- 29 Oct 21
Philadelphia band embrace the ‘80s on fifth LP
It’s no easy feat – plotting your return after winning a Grammy for your universally acclaimed previous album. But for a band famed for their meticulous approach to their music, The War On Drugs don’t appear too strained about the challenge, following 2017’s A Deeper Understanding. In fact, I Don’t Live Here Anymore is the most uninhibited they’ve sounded in years, as they embrace the joy of spontaneity on an album deeply rooted in ‘80s influences.
Frontman Adam Granduciel has always worn his penchant for heartland rock on his sleeve – going so far as to name his son Bruce. On the new album, he’s channeling the spirit of Springsteen, as well as the likes of Don Henley, with more unapologetic fervour than ever.
The band’s unique ability to blur the boundaries between underground indie gems and arena-filling anthems is on defiant display too – charting new territories with the unexpectedly stripped-back opening track, ‘Living Proof’. Almost in answer to the soft sadness of the track, the album soon shoots off in a direction that feels suited to wide, open roads, and that distinctly American, ambiguous definition of freedom.

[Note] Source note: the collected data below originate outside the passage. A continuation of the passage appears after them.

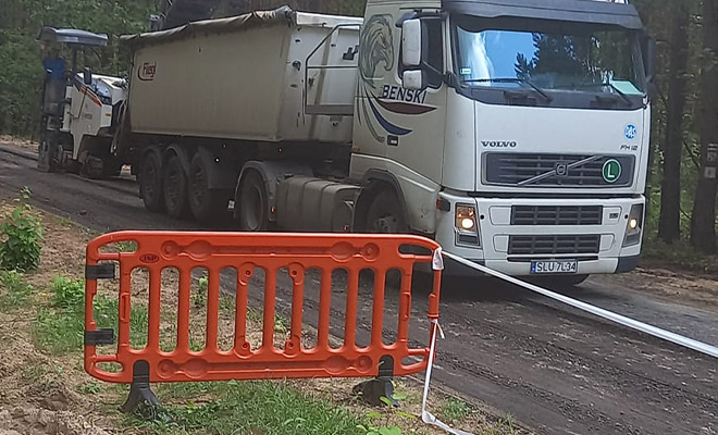 Z drogi zbierany jest stary asfalt – fatalnie wyboisty i dziurawy. To realnie był jeden z najgorszych odcinków asfaltowych dróg powiatowych na naszym terenie. Wiele razy pisaliśmy, że potrzebę remontu tej drogi podnoszono niemal co trochę. Działo się to na sesjach rady powiatu, gdzie temat przypominała wspomniana radna Żurawska, działo się też na sesjach Rady Gminy Popów, gdzie głos zabierali inni lokalni samorządowcy. Podnoszono, że to wstyd, by po takiej drodze jeździć do ośrodka, w którym szkoli się służbę więzienną – do ośrodka o randze krajowej. Okazało się, że dopiero rządowe dofinansowanie popchnęło te sprawę do przodu. Satysfakcja tych, którzy o nią zabiegali, nie dziwi.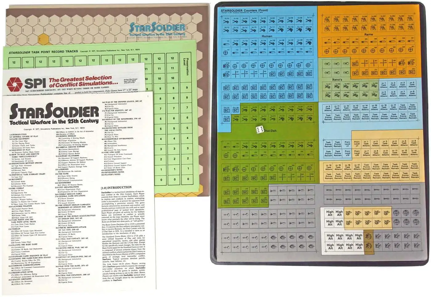 A tactical level simulation of combat between a small number of StarSoldiers, powerful future warriors – shades of Starship Troopers. Firmly rooted in SPI wargaming – along with the usual complexity and breadth of rules. One notable about the game is that it has simultaneous plotted movement – manageable since each player only controls 3 – 12 warriors. There are many scenarios and a campaign as well.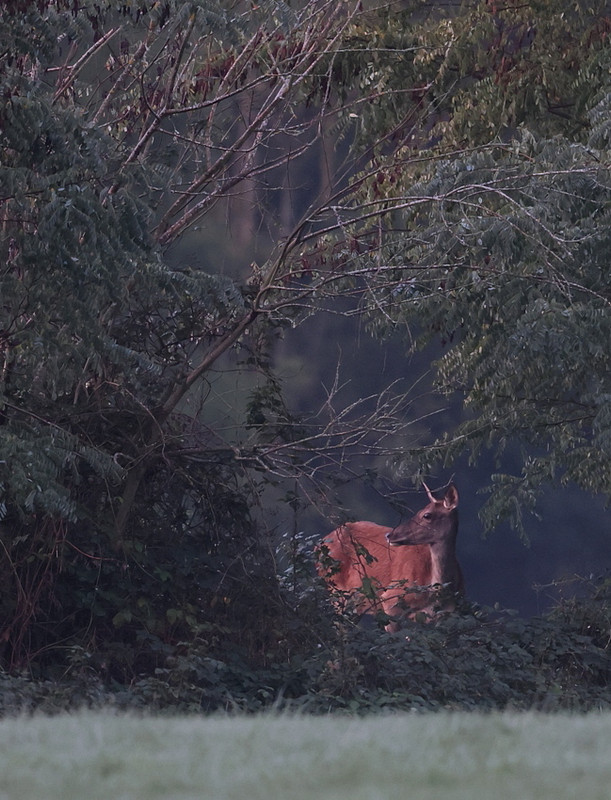 Lors de certaines sorties j'ai pu observer avec les jumelles, de nuit, des Biches et des Cerfs dans la prairie et plusieurs matins on entendait des Cerfs bramer dans les prairies voisines, mais pas très fort, surement fatigués de la nuit.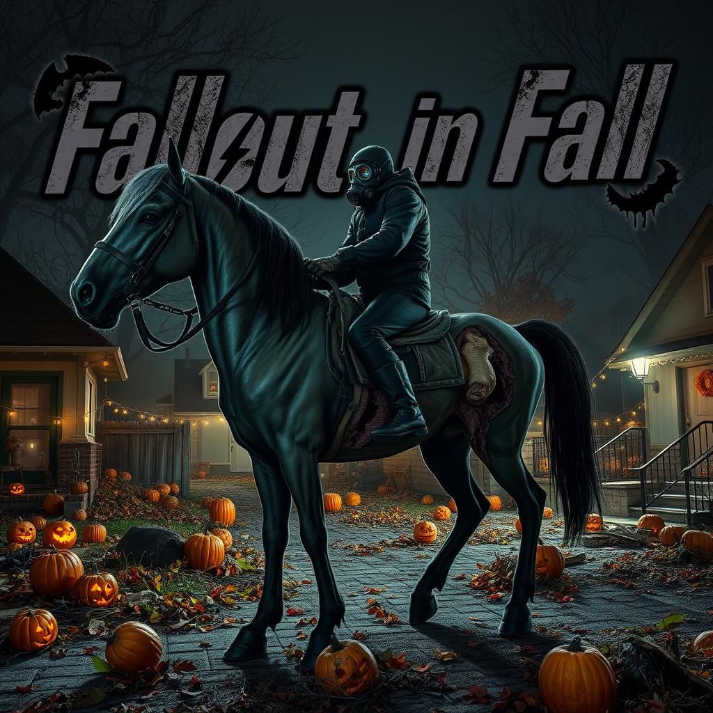 This image depicts a desolate neighborhood after a nuclear event on Halloween. A figure in a hazmat suit rides an undead horse amidst crumbling decorations, with graffiti glowing eerily in the scene, rendered with cinematic post-apocalyptic style.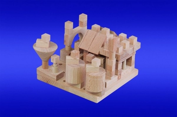 De houten bouwset Detoa Kleine architect is een ideale keuze voor jonge bouwers. Dankzij de verschillende vormen en groottes van de onderdelen kunnen kinderen eindeloos variëren met bouwwerken en patronen. De basisplaat met voorgeboorde gaten en staven vergemakkelijkt het stapelen en bevordert nauwkeurigheid en geduld.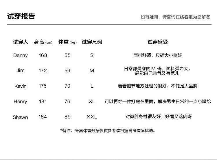 | S(推荐57~62kg) | 67.5 | 43.6 | 96 | 21.5 | 98 | 98 | 165/84A |

Even when the throwback sounds feel almost too familiar, there’s a charisma and a power at the heart of the approach that’s difficult to resist. Just like Granduciel’s ‘80s icons – who were capable of pulling something oddly triumphant out of the surrounding despair – I Don’t Live Here Anymore finds The War On Drugs expertly straddling the line between joyful release and bittersweet nostalgia.